[DATA FOR THE TASK]
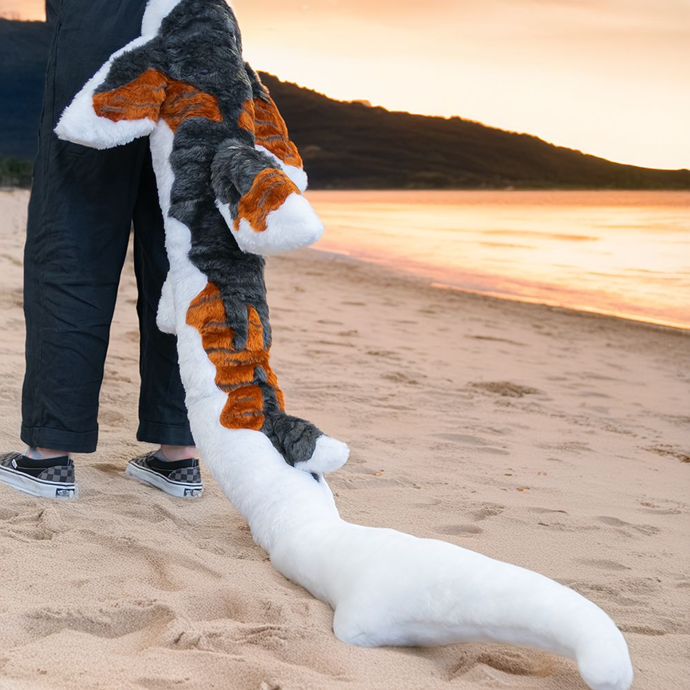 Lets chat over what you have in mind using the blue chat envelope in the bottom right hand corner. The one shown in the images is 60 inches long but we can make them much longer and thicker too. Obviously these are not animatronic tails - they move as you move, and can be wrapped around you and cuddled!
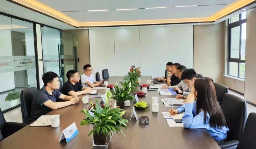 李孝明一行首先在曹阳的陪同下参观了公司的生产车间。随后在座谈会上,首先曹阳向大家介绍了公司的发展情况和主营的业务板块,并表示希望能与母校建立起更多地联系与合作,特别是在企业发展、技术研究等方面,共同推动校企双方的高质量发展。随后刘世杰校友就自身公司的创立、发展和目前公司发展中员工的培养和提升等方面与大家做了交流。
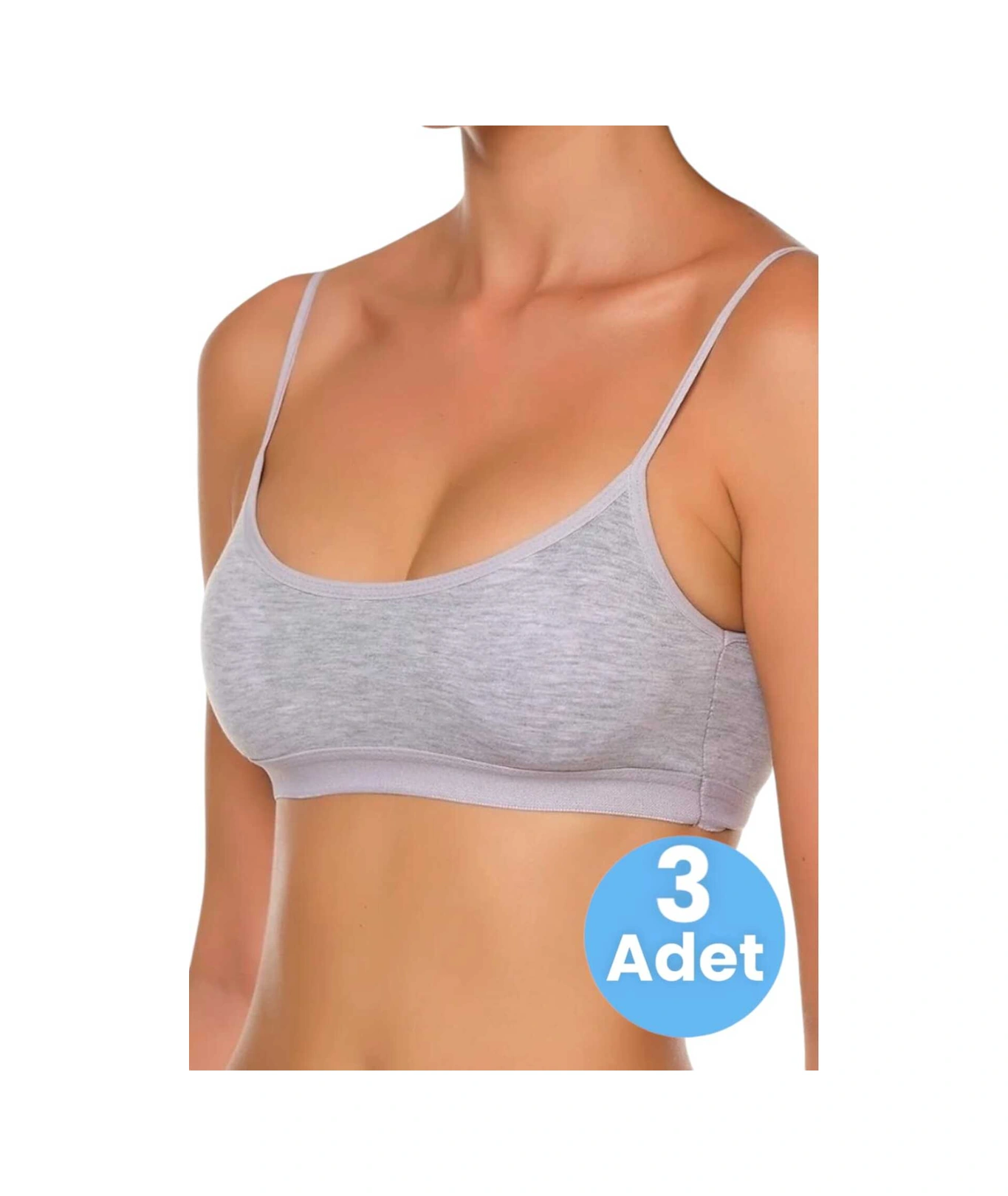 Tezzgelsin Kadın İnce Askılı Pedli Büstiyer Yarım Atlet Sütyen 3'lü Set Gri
[/DATA FOR THE TASK]
[DATA FOR THE TASK]
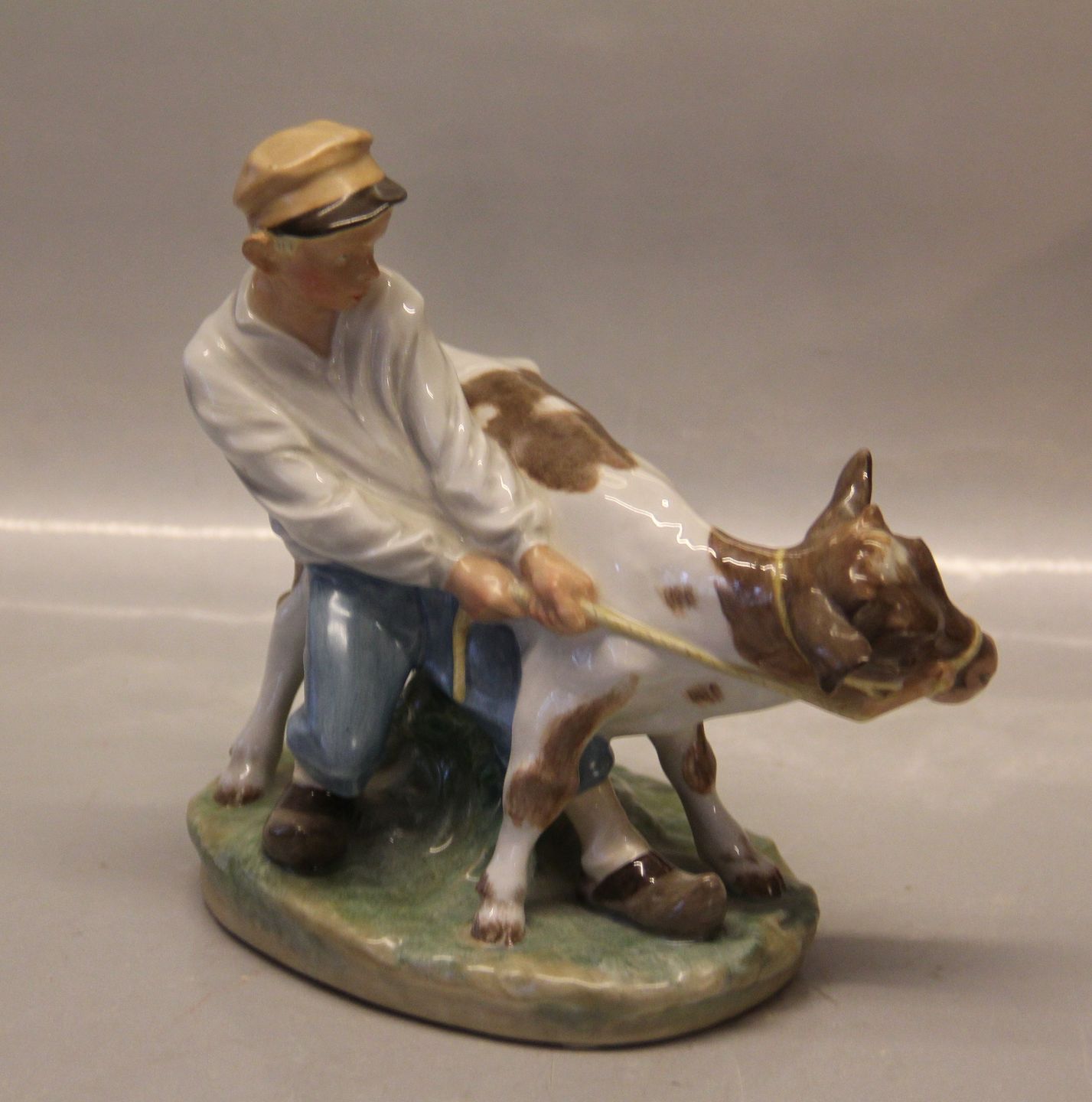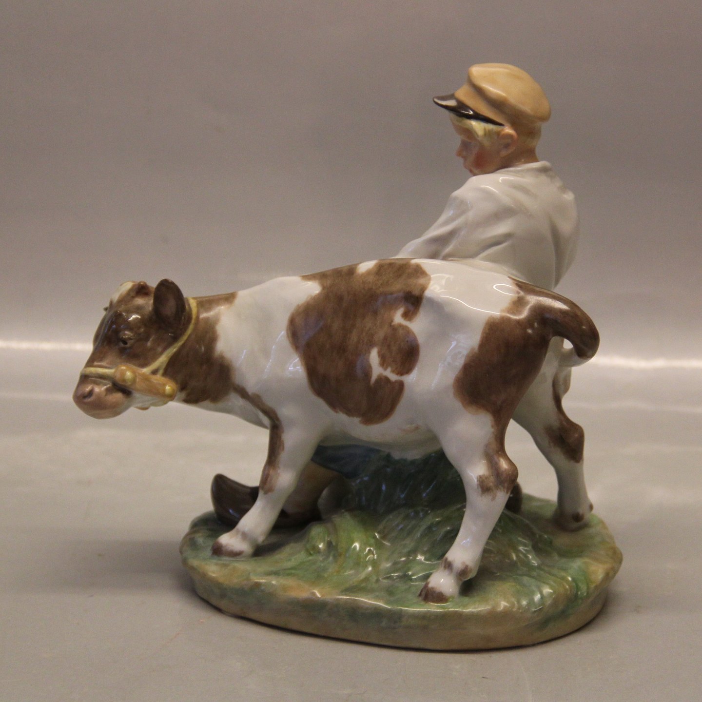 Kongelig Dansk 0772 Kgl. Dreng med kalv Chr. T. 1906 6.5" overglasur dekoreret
[/DATA FOR THE TASK]
*WHAT THE TASK ASKS*:
Give back exactly the lines above that run from the one with "李孝明一行首先在曹阳的陪同下" to the one with "Tezzgelsin Kadın İnce", including both, with the pictures left out.

*ANSWER TO THIS PROBLEM*:
 李孝明一行首先在曹阳的陪同下参观了公司的生产车间。随后在座谈会上,首先曹阳向大家介绍了公司的发展情况和主营的业务板块,并表示希望能与母校建立起更多地联系与合作,特别是在企业发展、技术研究等方面,共同推动校企双方的高质量发展。随后刘世杰校友就自身公司的创立、发展和目前公司发展中员工的培养和提升等方面与大家做了交流。
 Tezzgelsin Kadın İnce Askılı Pedli Büstiyer Yarım Atlet Sütyen 3'lü Set Gri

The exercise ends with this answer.